(Dataset items)
┌──
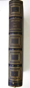 " L'ingénieux hidalgo. Don Quichotte de la Manche ". Paris, Victor Lecou, 1853. In-4 dos chagriné d'édition, caissons à décor géométrique. Toutes tranches dorées. Traduit et annoté par Louis Viardot. Vignettes de Tony Johannot. Rousseurs claires éparses sans gravité. Gardes un peu salies. Bon exemplaire bien relié.
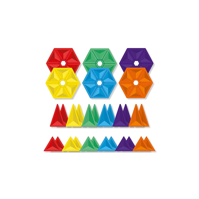 Rainbow Geometry Pack este special creat pentru a încuraja micii arhitecți să experimenteze cu forme, să descopere relațiile dintre ele și să își dezvolte abilitățile motorii fine.
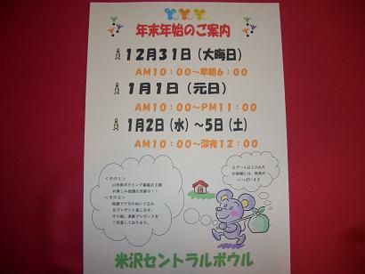 ▼米沢セントラルボウル★年末年始営業時間のお知らせ2007/12/28 22:33 (C) *米沢セントラルボウル*
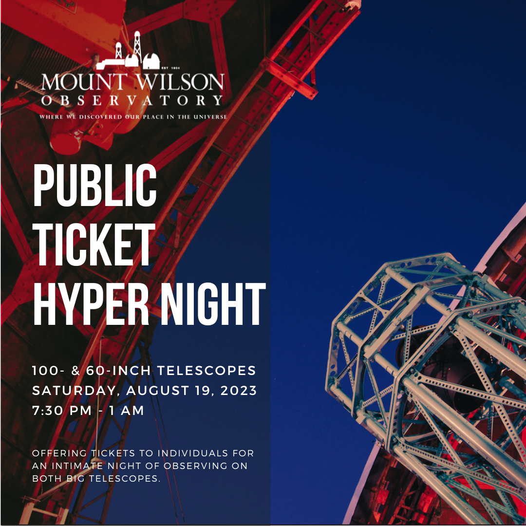 100- & 60-inch Telescope Hyper Public Ticket Night: Saturday, AUG 19, 2023 - CANCELED FOR WEATHER
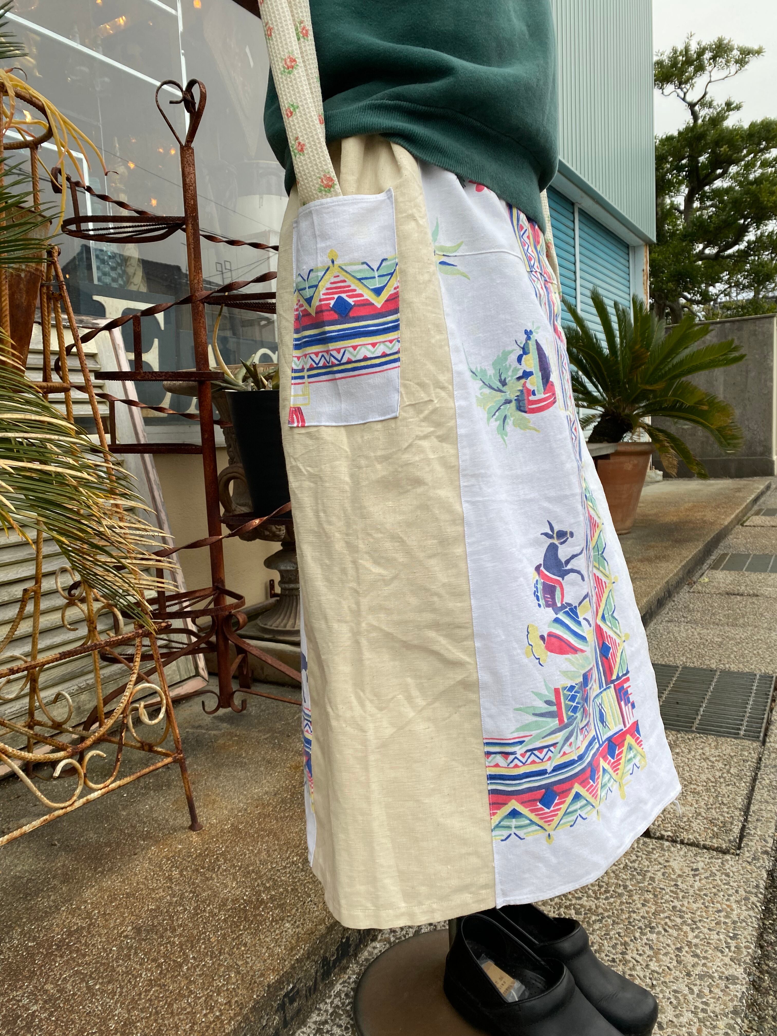 こちらのリネンスカートは、フランスのヴィンテージ生地を使用しております。いろんな生地を縫い合わせて製作したパッチワークスカートです。ウエストは紐で調節が可能で、お好みに合わせて前後どちらでも着用できます。あえてギャザーをつけずボリュームを出さずにすっきりとしたラインにしました。
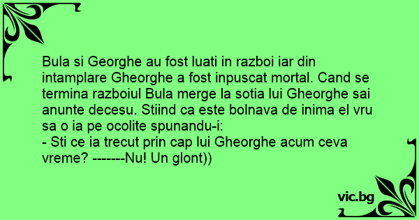 Bula si Georghe au fost luati in razboi iar din intamplare Gheorghe a fost inpuscat mortal. Cand se termina razboiul Bula merge la sotia lui Gheorghe sai anunte decesu. Stiind ca este bolnava de inima el vru sa o ia pe ocolite spunandu-i:
└──
■ Goal of the exercise: Repeat each of the entries above exactly, but do not carry over the pictures.

■ Answer below:
 " L'ingénieux hidalgo. Don Quichotte de la Manche ". Paris, Victor Lecou, 1853. In-4 dos chagriné d'édition, caissons à décor géométrique. Toutes tranches dorées. Traduit et annoté par Louis Viardot. Vignettes de Tony Johannot. Rousseurs claires éparses sans gravité. Gardes un peu salies. Bon exemplaire bien relié.
 Rainbow Geometry Pack este special creat pentru a încuraja micii arhitecți să experimenteze cu forme, să descopere relațiile dintre ele și să își dezvolte abilitățile motorii fine.
 ▼米沢セントラルボウル★年末年始営業時間のお知らせ2007/12/28 22:33 (C) *米沢セントラルボウル*
 100- & 60-inch Telescope Hyper Public Ticket Night: Saturday, AUG 19, 2023 - CANCELED FOR WEATHER
 こちらのリネンスカートは、フランスのヴィンテージ生地を使用しております。いろんな生地を縫い合わせて製作したパッチワークスカートです。ウエストは紐で調節が可能で、お好みに合わせて前後どちらでも着用できます。あえてギャザーをつけずボリュームを出さずにすっきりとしたラインにしました。
 Bula si Georghe au fost luati in razboi iar din intamplare Gheorghe a fost inpuscat mortal. Cand se termina razboiul Bula merge la sotia lui Gheorghe sai anunte decesu. Stiind ca este bolnava de inima el vru sa o ia pe ocolite spunandu-i:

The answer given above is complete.